When you don’t get enough sleep, the body triggers the release of adrenaline, cortisol and other stress hormones. Over time, that can lead to the risk of cardiovascular disease. Inadequate sleep also reduces the immune response to infection by reducing cytokine production. It’s also been shown to alter blood glucose and insulin metabolism, increasing the risk of developing diabetes.

Tips To Help You Get More Sleep

Getting more sleep usually isn’t as easy as crawling into bed earlier. You’ll need to adopt some nighttime strategies and practice. Over time, you can train your mind to quiet down and begin to fall asleep easier.

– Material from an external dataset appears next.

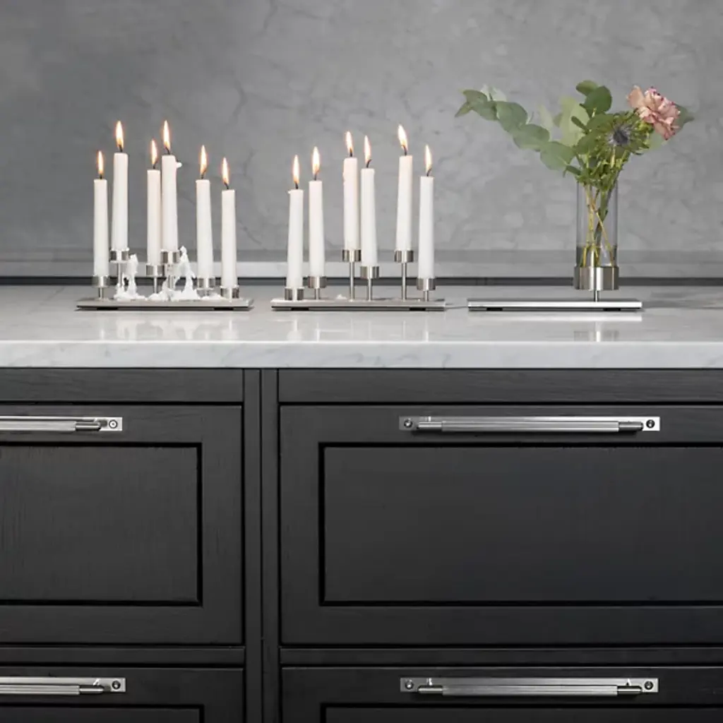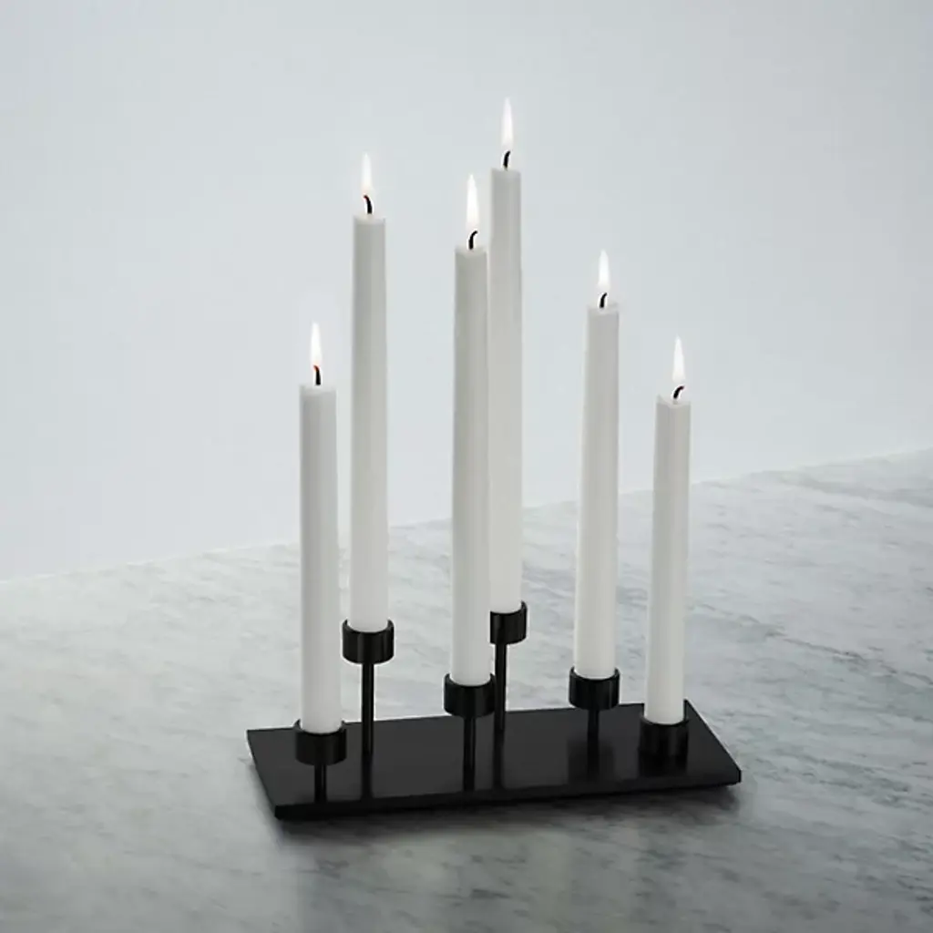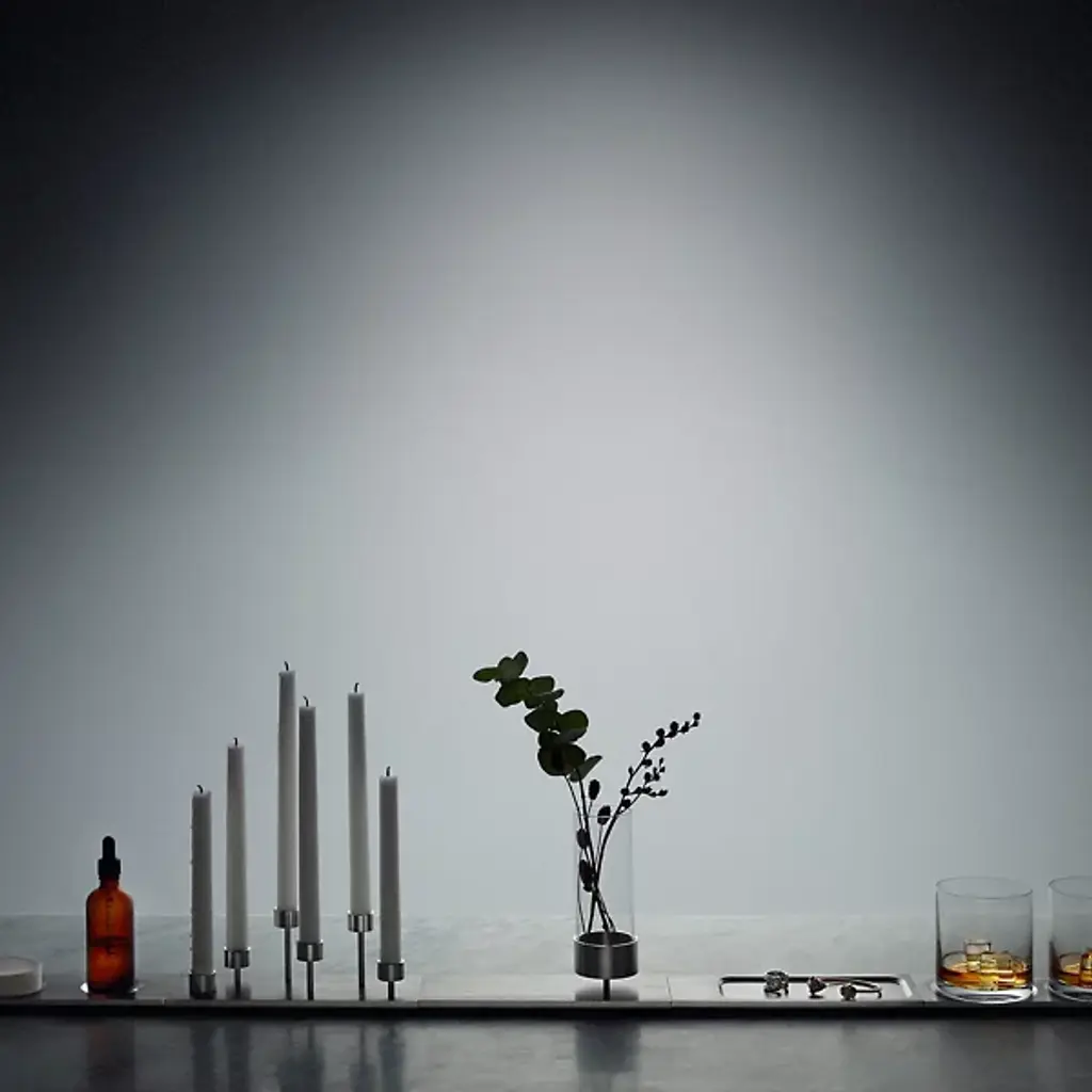 The Machined Candelabra from Buster + Punch elevates the ambiance of your living space. Made with industrial elegance, a collection of meticulously machined holders is arranged to bring your candles to different heights. The encasements rest upon a metal plate, forming a mesmeric visual spectacle. The interplay of light and shadows from your candles dances across your space, adding depth and character to your decor.

To start with, create a bedtime routine. Determine a reasonable time for you to go to sleep, and stick to it. Going to bed, and waking up, at the same time each night and morning, helps to train your mind to quiet down.

Consider your sleeping arrangements, too. Make sure you have a quality mattress and a pillow that you find comfortable and try to maintain a good temperature in your bedroom. You also want to minimize any light that shines into your room.

If you struggle to fall asleep, try reading a book or trying other relaxation techniques. The National Sleep Foundation has more tips to help you fall, and stay asleep longer.

The importance of sleep shouldn’t be underestimated. If it is not there already, be sure to move sleep to the top of your priority list. If it’s not, it will be more challenging to reach your health and fitness goals.